(Dataset):

────────────────

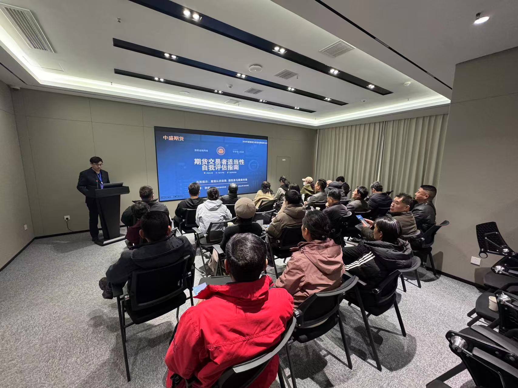活动现场,工作人员引导投资者参观投教基地,介绍功能分区与特色服务,帮助建立对正规期货市场的直观认知。随后推出《懂期货·辨陷阱·护权益》《期货交易者适当性自我评估指南》两大主题演讲,清晰界定正规与非法期货的认定标准,拆解“虚拟盘”“老师带单”等五类典型骗局、指导投资者从知识、经验、风控三维度开展科学自我评估,建立与自身情况相匹配的投资预期;同时详解维权全流程操作。活动同步开启线上直播,通过中盛期货视频号实时转播会场实况,实现线上线下知识同步传递、场内场外观众同频受益。
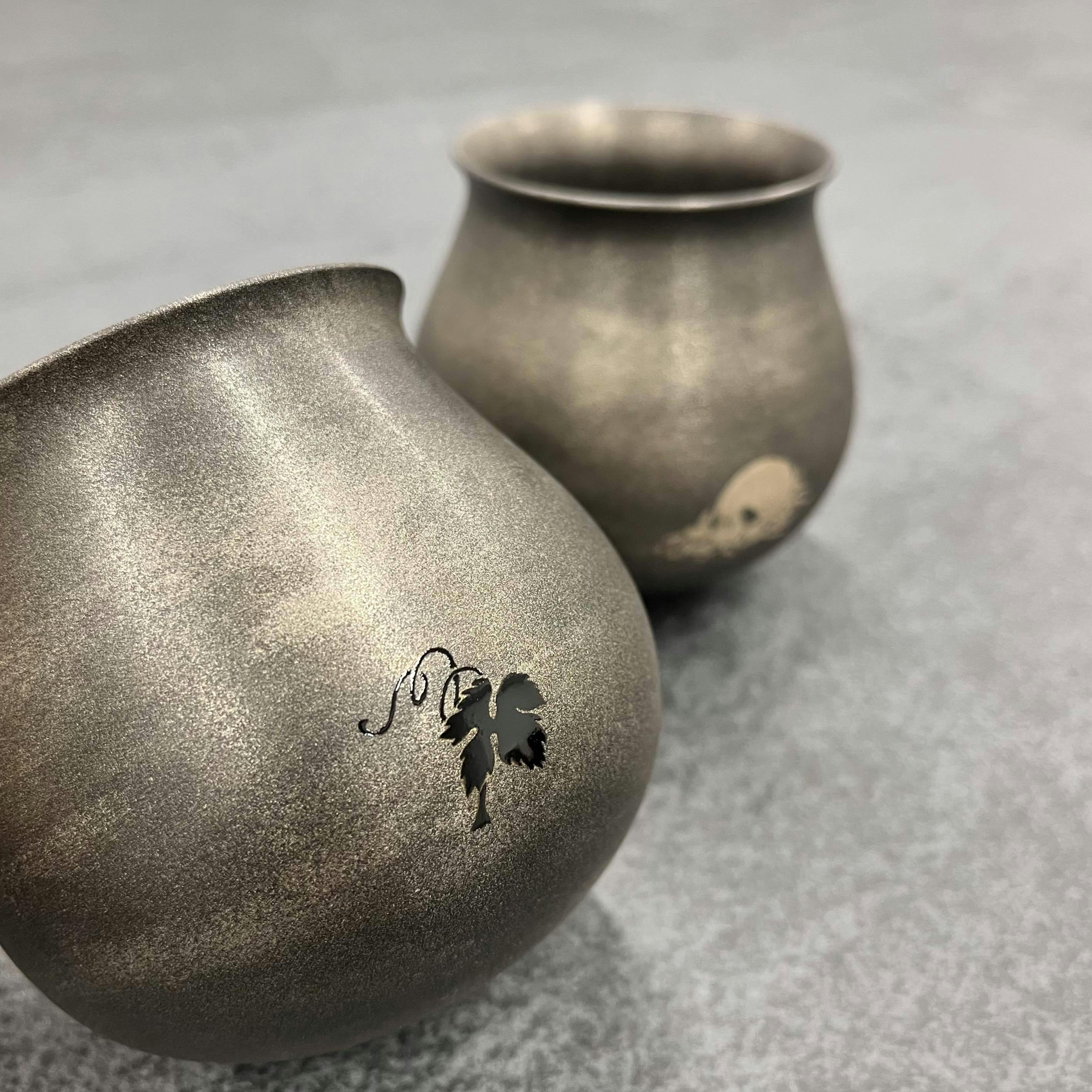 独特なメタリックな風合いは、まるで金属や石器のように見えるのに、持つと軽くて優しい手触りに驚きます。
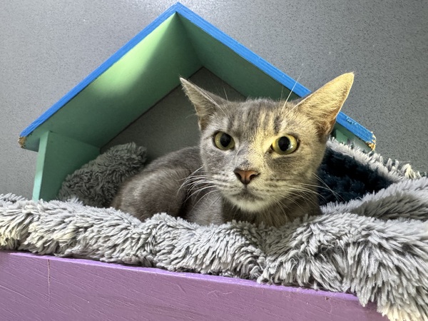 I have a very serious face you see but a very sweet temperament! I can be a little shy at first but give me time and I am a real smooch and a curious girl! I love to give the staff here lots of kisses and head bops! I also work fulltime at the Biscuit Factory, so if you adopt me, just know I have to make my daily quota of Biscuits. My ideal day would be spent snoozing on your couch or in a sunbeam all day and getting pats and scratches when you get home, and of course lots of food! I would love a home with kids that know how to give me my space until I feel safe. Staff haven't seen me interact with other cats, but a slow and proper introduction should ensure I get along with an existing kitty in your home.
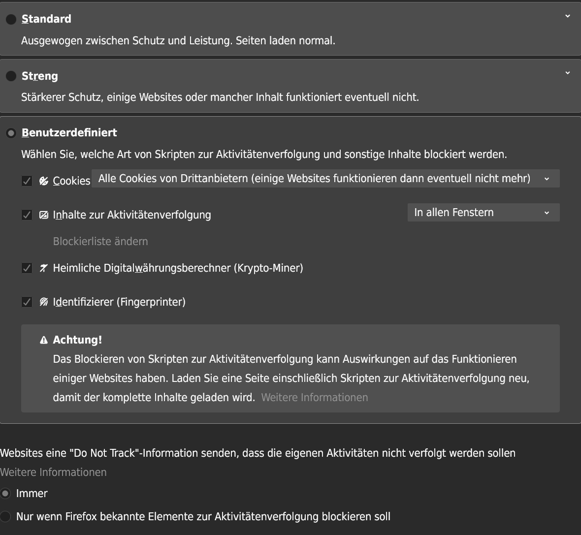 Was kann ich tun, um http://www.spiegel.de weiterhin nutzen zu können (zumindest die kostenlosen Artikel), ohne gleichzeitig die Sicherheitsstandards des Firefox (Standardeinstellung) bezüglich Aktivitätenverfolgung aufgeben zu müssen? Es geht nicht um den privaten Modus, sondern ein "normales" Fenster.
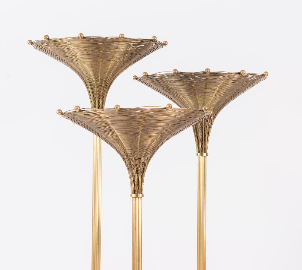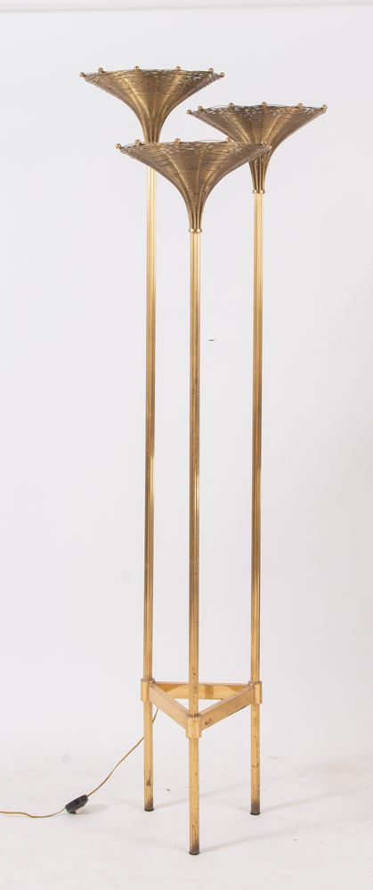Lampada in ottone con tre luci modello Papyrus. Prod. Italia, 1970 ca. Cm 190x63x63.
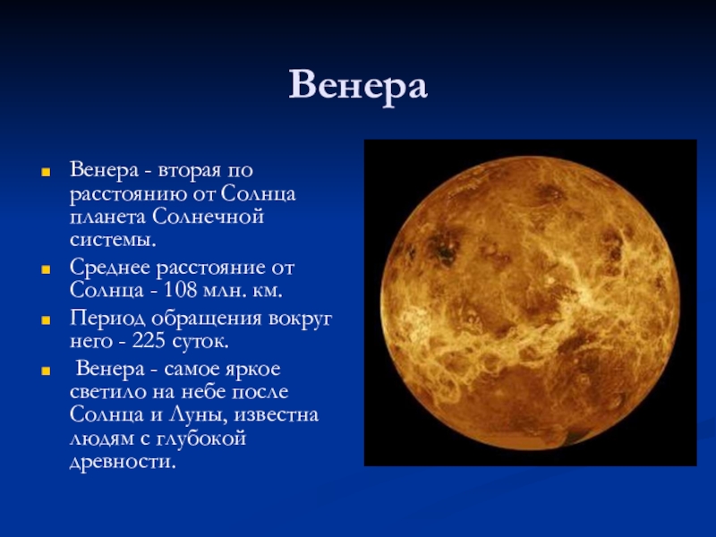 ВенераВенера - вторая по расстоянию от Солнца планета Солнечной системы. Среднее расстояние от Солнца - 108 млн.
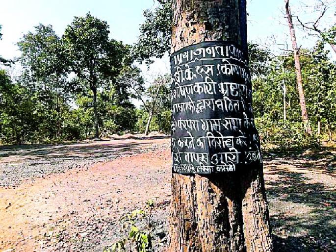 तालुक्यातील सुरजागड पहाडाकडे जाणाऱ्या मार्गाच्या बाजुला नक्षल्यांनी ठिकठिकाणी बॅनर लावले आहेत. त्यामुळे या परिसरात भितीचे वातावरण निर्माण झाले आहे. काळ्या रंगाचे बॅनर झाडांना गोल स्वरूपात बांधण्यात आले आहे.
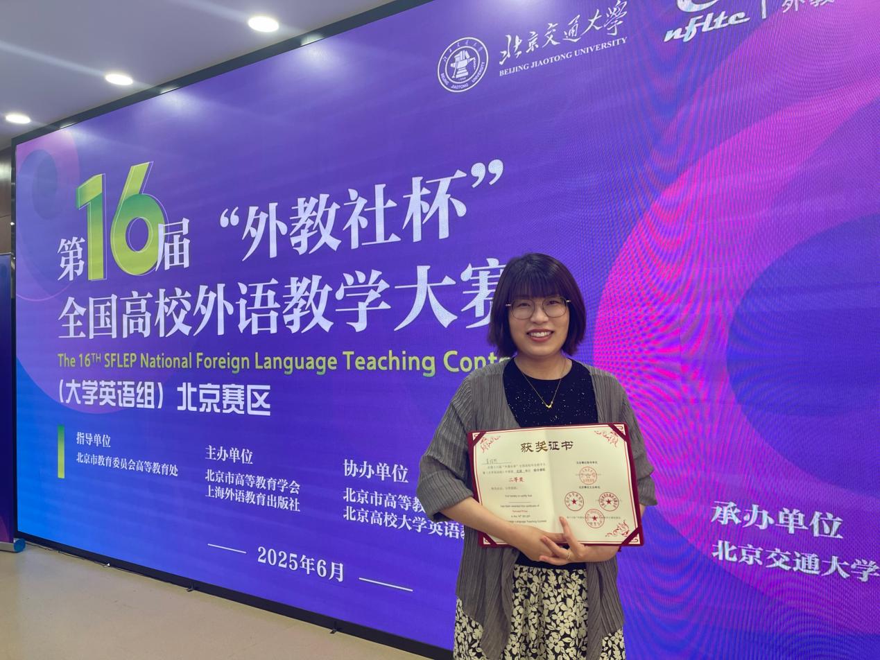 2025年6月7日至8日,第16届“外教社杯”全国高校外语教学大赛(大学英语组)北京赛区复赛、决赛暨颁奖典礼在北京交通大学举办。我校Betway必威公共外语部李怡然老师获得(大学英语组)北京赛区综合组二等奖。北京市高等教育学会会长、北京市教委原主任线联平研究员,北京市教育委员会高等教育处李惊涛处长,教育部高等学校大学外语教学指导委员会委员、北京市高教学会大学英语研究分会理事长、北京大学外国语学院党委书记李淑静教授等嘉宾代表致辞并为获奖选手颁奖。
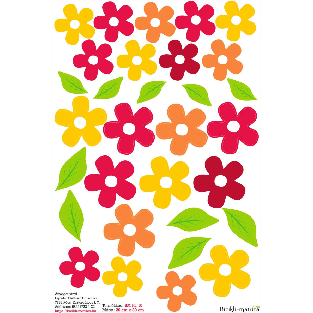 Virágos kerékpár matrica levelekkel, piros, sárga - 31 db-os
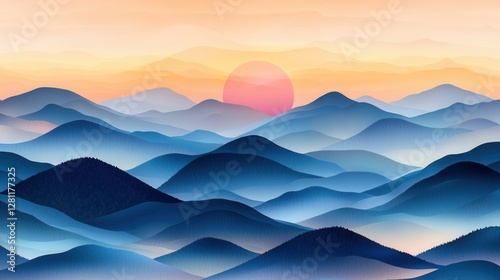 Serene Abstract Mountains with Soft Sunrise and Gentle Colors
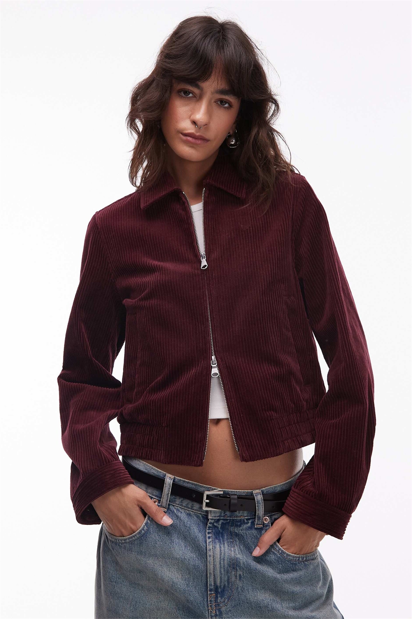Куртка-блузон из вельвета с застежкой-молнией спереди
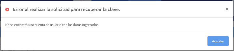 Tenga en cuenta: El sistema valida si el correo ingresado, corresponde al usuario. De no ser reconocido mostrará el siguiente mensaje de error.
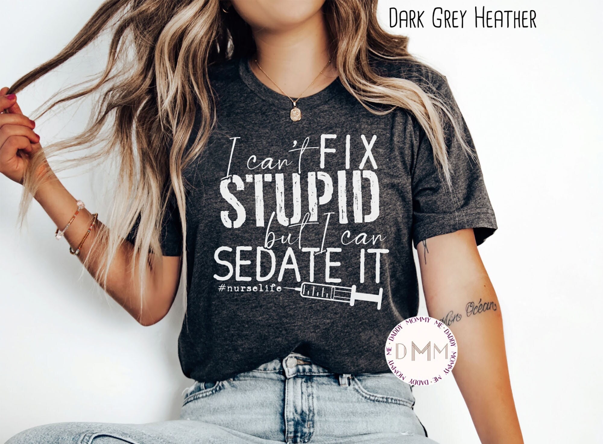I Can't Fix Stupid But I Can Sedate It Nurse Life Shirt. Graphic design in white - screen print

────────────────

(Exercise details): Retype all the data exactly. Omit pictures.

(Worked solution):
活动现场,工作人员引导投资者参观投教基地,介绍功能分区与特色服务,帮助建立对正规期货市场的直观认知。随后推出《懂期货·辨陷阱·护权益》《期货交易者适当性自我评估指南》两大主题演讲,清晰界定正规与非法期货的认定标准,拆解“虚拟盘”“老师带单”等五类典型骗局、指导投资者从知识、经验、风控三维度开展科学自我评估,建立与自身情况相匹配的投资预期;同时详解维权全流程操作。活动同步开启线上直播,通过中盛期货视频号实时转播会场实况,实现线上线下知识同步传递、场内场外观众同频受益。
 独特なメタリックな風合いは、まるで金属や石器のように見えるのに、持つと軽くて優しい手触りに驚きます。
 I have a very serious face you see but a very sweet temperament! I can be a little shy at first but give me time and I am a real smooch and a curious girl! I love to give the staff here lots of kisses and head bops! I also work fulltime at the Biscuit Factory, so if you adopt me, just know I have to make my daily quota of Biscuits. My ideal day would be spent snoozing on your couch or in a sunbeam all day and getting pats and scratches when you get home, and of course lots of food! I would love a home with kids that know how to give me my space until I feel safe. Staff haven't seen me interact with other cats, but a slow and proper introduction should ensure I get along with an existing kitty in your home.
 Was kann ich tun, um http://www.spiegel.de weiterhin nutzen zu können (zumindest die kostenlosen Artikel), ohne gleichzeitig die Sicherheitsstandards des Firefox (Standardeinstellung) bezüglich Aktivitätenverfolgung aufgeben zu müssen? Es geht nicht um den privaten Modus, sondern ein "normales" Fenster.
Lampada in ottone con tre luci modello Papyrus. Prod. Italia, 1970 ca. Cm 190x63x63.
 ВенераВенера - вторая по расстоянию от Солнца планета Солнечной системы. Среднее расстояние от Солнца - 108 млн.
 तालुक्यातील सुरजागड पहाडाकडे जाणाऱ्या मार्गाच्या बाजुला नक्षल्यांनी ठिकठिकाणी बॅनर लावले आहेत. त्यामुळे या परिसरात भितीचे वातावरण निर्माण झाले आहे. काळ्या रंगाचे बॅनर झाडांना गोल स्वरूपात बांधण्यात आले आहे.
 2025年6月7日至8日,第16届“外教社杯”全国高校外语教学大赛(大学英语组)北京赛区复赛、决赛暨颁奖典礼在北京交通大学举办。我校Betway必威公共外语部李怡然老师获得(大学英语组)北京赛区综合组二等奖。北京市高等教育学会会长、北京市教委原主任线联平研究员,北京市教育委员会高等教育处李惊涛处长,教育部高等学校大学外语教学指导委员会委员、北京市高教学会大学英语研究分会理事长、北京大学外国语学院党委书记李淑静教授等嘉宾代表致辞并为获奖选手颁奖。
 Virágos kerékpár matrica levelekkel, piros, sárga - 31 db-os
 Serene Abstract Mountains with Soft Sunrise and Gentle Colors
Куртка-блузон из вельвета с застежкой-молнией спереди
 Tenga en cuenta: El sistema valida si el correo ingresado, corresponde al usuario. De no ser reconocido mostrará el siguiente mensaje de error.
I Can't Fix Stupid But I Can Sedate It Nurse Life Shirt. Graphic design in white - screen print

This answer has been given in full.